Wednesday, March 24, 2010

innovation bubbles up

I'd wager that most great ideas are born bottom up rather than top down.

How many innovative ideas stories' start with ... my boss got an email from the CEO. The telephone sure as hell wasn't invented that way, neither was the internet (despite what Al Gore might say) nor the smartphone.

People on top (board members, CXOs, VPs) see problems in convergence. Why can't these two systems work together? I want to draw up an elegant shell on our existing systems. They are looking for issues where the sum is greater than the sum of the parts, which is not a bad thing. The problem is, there is usually a reason systems aren't already converged. Normally, they don't fit that well together and the additional complexity of bundling them negates any potential benefit.

Bottom dwellers live in their respective areas, understanding both the outputs of their systems and their respective environments. They already know what is a bitch to do and what is not, plus normally why. The top layer is generally too far removed, busy, etc to understand or care. They overestimate the companies importance, and more importantly will to impose ideas/solutions on the market as a whole.

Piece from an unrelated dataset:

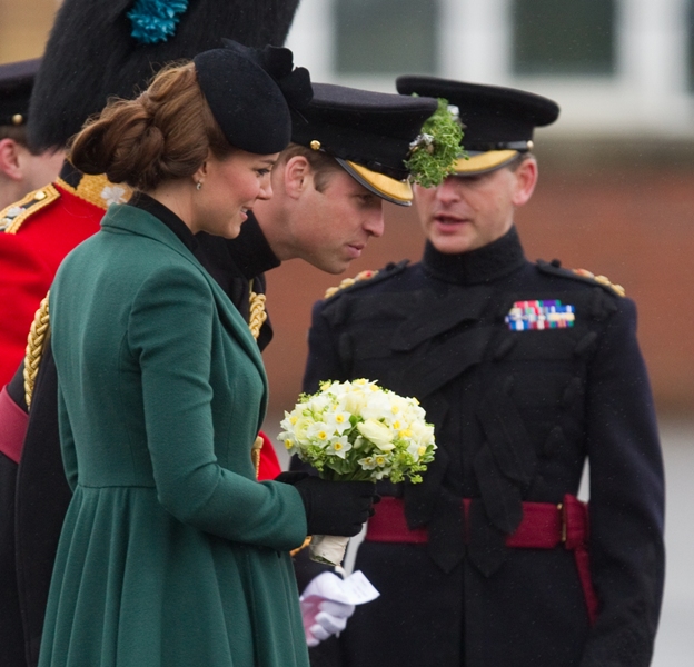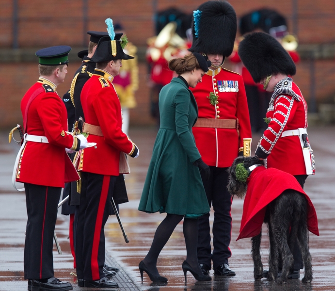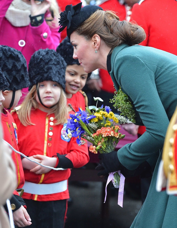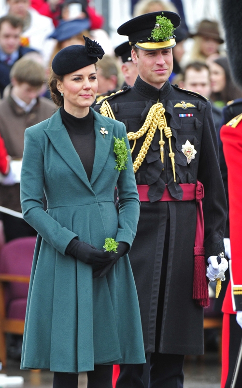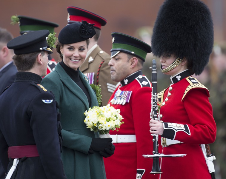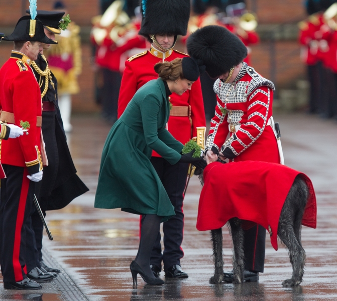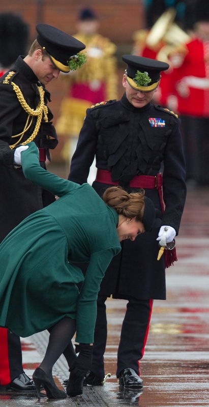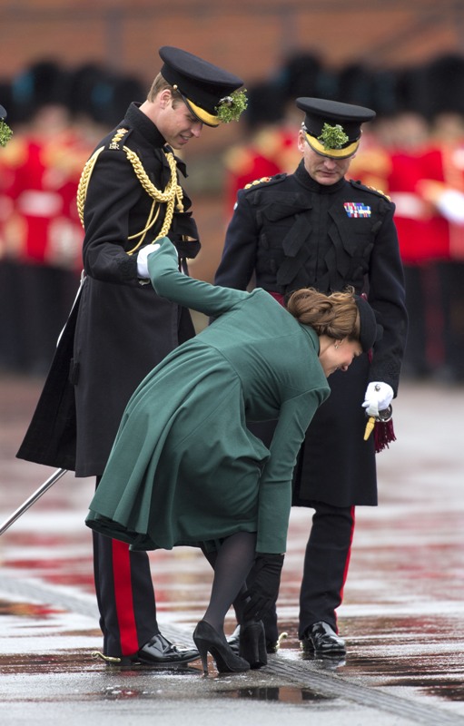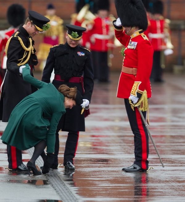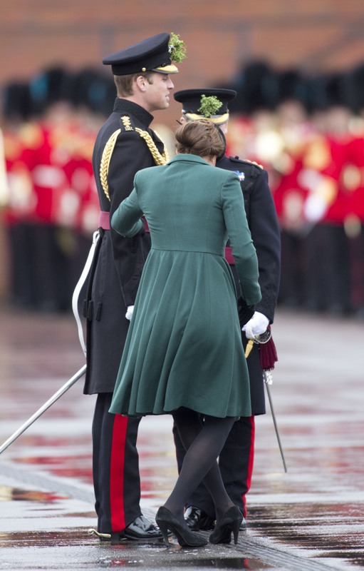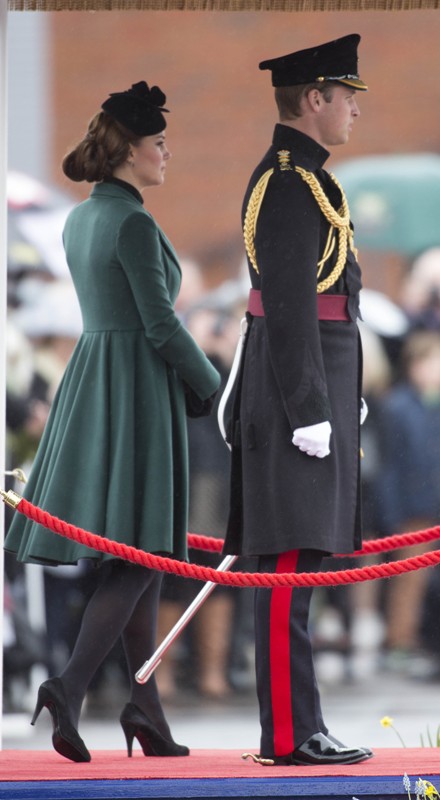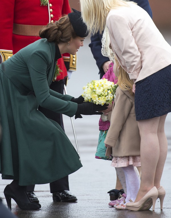 Katy Cambridge recycled her green coat. Whatever. Can we focus instead on that really, REALLY bad hairstyle?

A better approach would be a benevolent dictator, who once a month asks all his reports to impress them. What have you and your groups been working on? Why does it matter? What help do you need with? Are you properly resourced? Do you need anything from other teams? Is your idea better than the last/next guys?

Google looks a lot like this, but so do successful auto companies.

Nothing takes the wind out of a team's sails like an idea that will likely never work out. How are they supposed to get excited and behind their work? A death spiral of apathy, low quality work, and tendency for the team to "check out" are sure to follow.

Let's create environments that foster innovation, and share problems but not mandate solutions.